• **ASSIGNMENT**:
The answer is all of the data repeated exactly, with each picture omitted.

• **INFORMATION SHOWN**:
------------

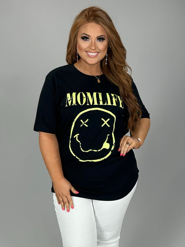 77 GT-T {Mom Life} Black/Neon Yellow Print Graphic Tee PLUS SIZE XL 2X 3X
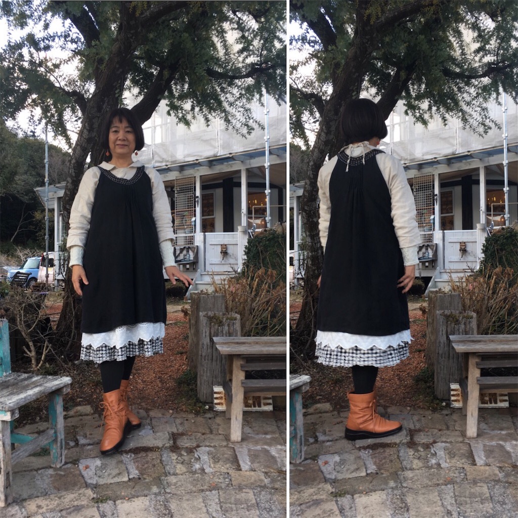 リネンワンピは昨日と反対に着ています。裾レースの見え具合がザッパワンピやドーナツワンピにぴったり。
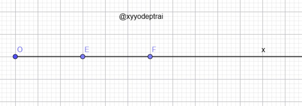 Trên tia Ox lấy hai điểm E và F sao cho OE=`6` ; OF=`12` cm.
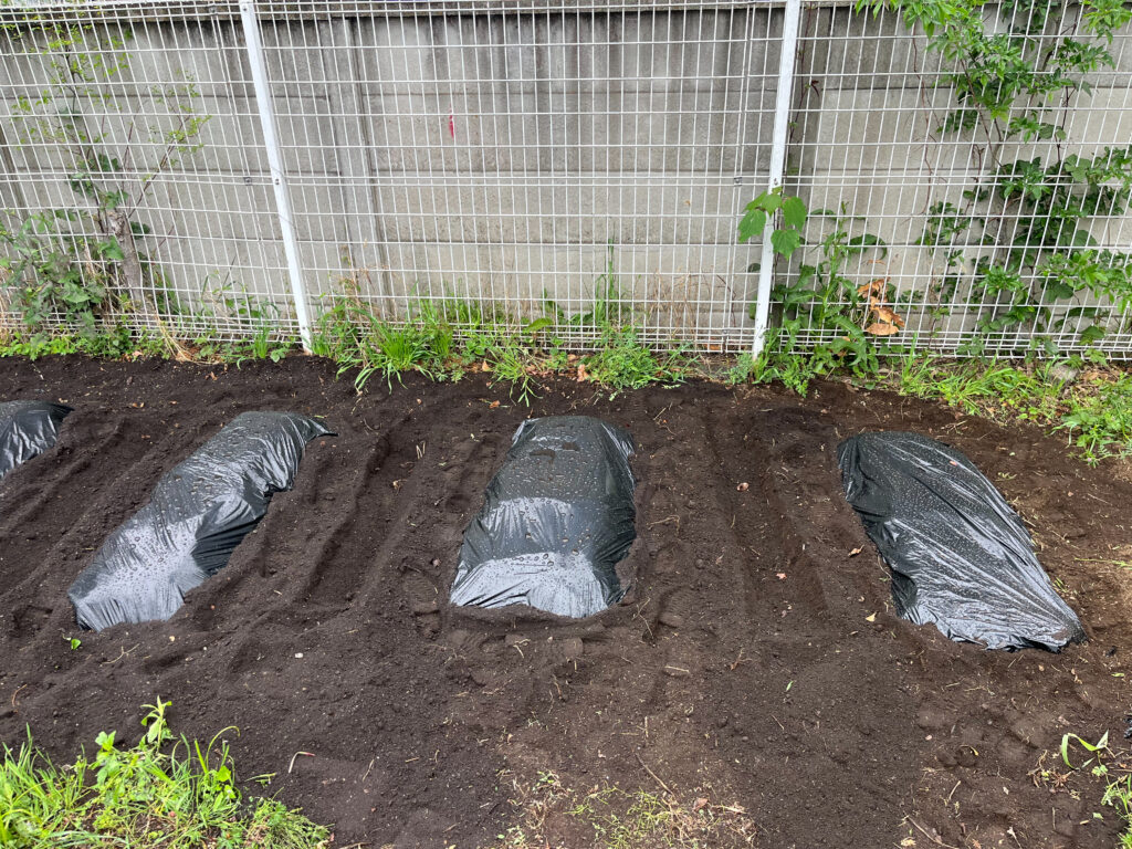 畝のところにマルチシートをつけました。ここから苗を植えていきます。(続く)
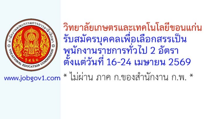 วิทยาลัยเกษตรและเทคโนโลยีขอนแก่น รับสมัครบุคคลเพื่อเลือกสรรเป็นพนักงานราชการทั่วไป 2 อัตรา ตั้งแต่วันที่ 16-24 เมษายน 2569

------------

• **SOLUTION**:
 77 GT-T {Mom Life} Black/Neon Yellow Print Graphic Tee PLUS SIZE XL 2X 3X
 リネンワンピは昨日と反対に着ています。裾レースの見え具合がザッパワンピやドーナツワンピにぴったり。
 Trên tia Ox lấy hai điểm E và F sao cho OE=`6` ; OF=`12` cm.
 畝のところにマルチシートをつけました。ここから苗を植えていきます。(続く)
 วิทยาลัยเกษตรและเทคโนโลยีขอนแก่น รับสมัครบุคคลเพื่อเลือกสรรเป็นพนักงานราชการทั่วไป 2 อัตรา ตั้งแต่วันที่ 16-24 เมษายน 2569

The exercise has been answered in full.